Supported languages: Python, TypeScript, JavaScript, Go, Rust, Java, Kotlin, C#, Ruby, PHP, C, C++, Swift, Solidity, Vue.

---

## Requirements

- **Python 3.10+**
- **~500MB install** (includes ChromaDB + sentence-transformers for semantic search)
- **~90MB model download** on first `search_codebase()` call

`pip install codevira` includes the full toolkit out of the box — graph, roadmap, changesets, code reader, learning, call graph, and semantic search.

### Minimal install (no semantic search)

If you want to skip the ML stack and use only graph-based tools (semantic search disabled), install without the search deps:
```bash
pip install codevira --no-deps
pip install pyyaml mcp watchdog tree-sitter tree-sitter-language-pack rich uvicorn starlette pathspec
```
The `search_codebase` tool will be hidden from your AI agent; all other tools work normally.

---

## Background

Want to understand the full story behind why this was built, the design decisions, what didn't work, and how it compares to other tools in the ecosystem?
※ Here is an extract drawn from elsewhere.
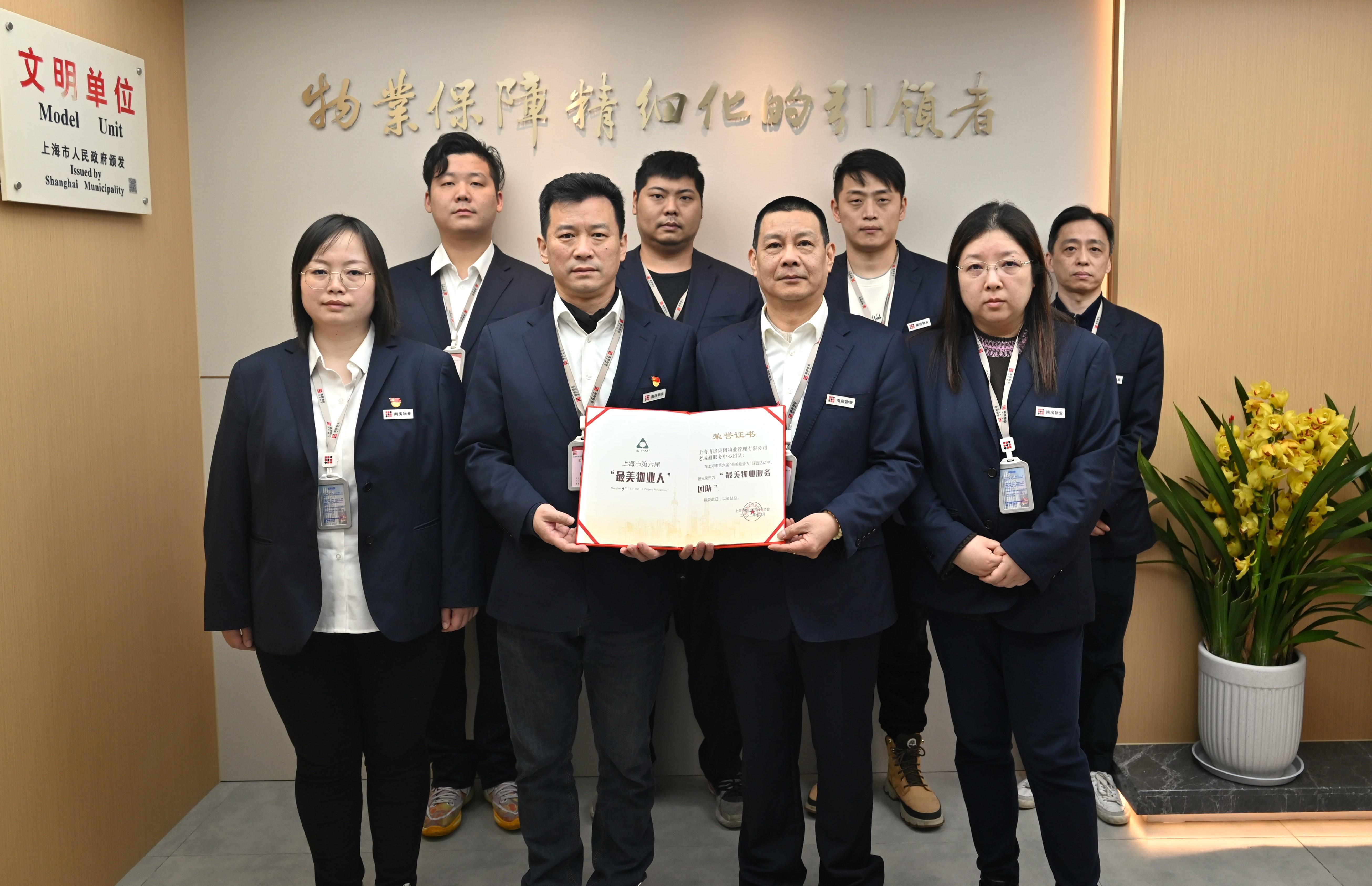 此外,上海金外滩集团房屋维修应急管理有限公司、上海南房集团物业管理有限公司、黄浦区(北部) 962121物业服务呼叫中心、老城厢服务中心团队、上海复欣物业管理发展有限公司、上海海鸿福船物业管理有限公司还分别荣获了“最美物业服务团队”称号。他们团结一致、勇挑重担,在应急抢险、公房管理、热线服务、社区管理等工作中彰显出“最美物业服务团队”的至臻服务。

Read the full write-up: [How We Cut AI Coding Agent Token Usage by 92%](docs/how-i-built-persistent-memory-for-ai-agents.md)

---

## Contributing

Contributions are welcome. Read [CONTRIBUTING.md](CONTRIBUTING.md) for the full guide.

**Reporting a bug?** [Open a bug report](https://github.com/sachinshelke/codevira/issues/new?template=bug_report.md)
**Requesting a feature?** [Open a feature request](https://github.com/sachinshelke/codevira/issues/new?template=feature_request.md)
**Found a security issue?** Read [SECURITY.md](SECURITY.md) — please don't use public issues for vulnerabilities.

---

## FAQ

Common questions about setup, usage, architecture, and troubleshooting — see [FAQ.md](FAQ.md).

## Roadmap

See what's built, what's next, and the long-term vision — see [ROADMAP.md](ROADMAP.md).

## License

MIT — free to use, modify, and distribute.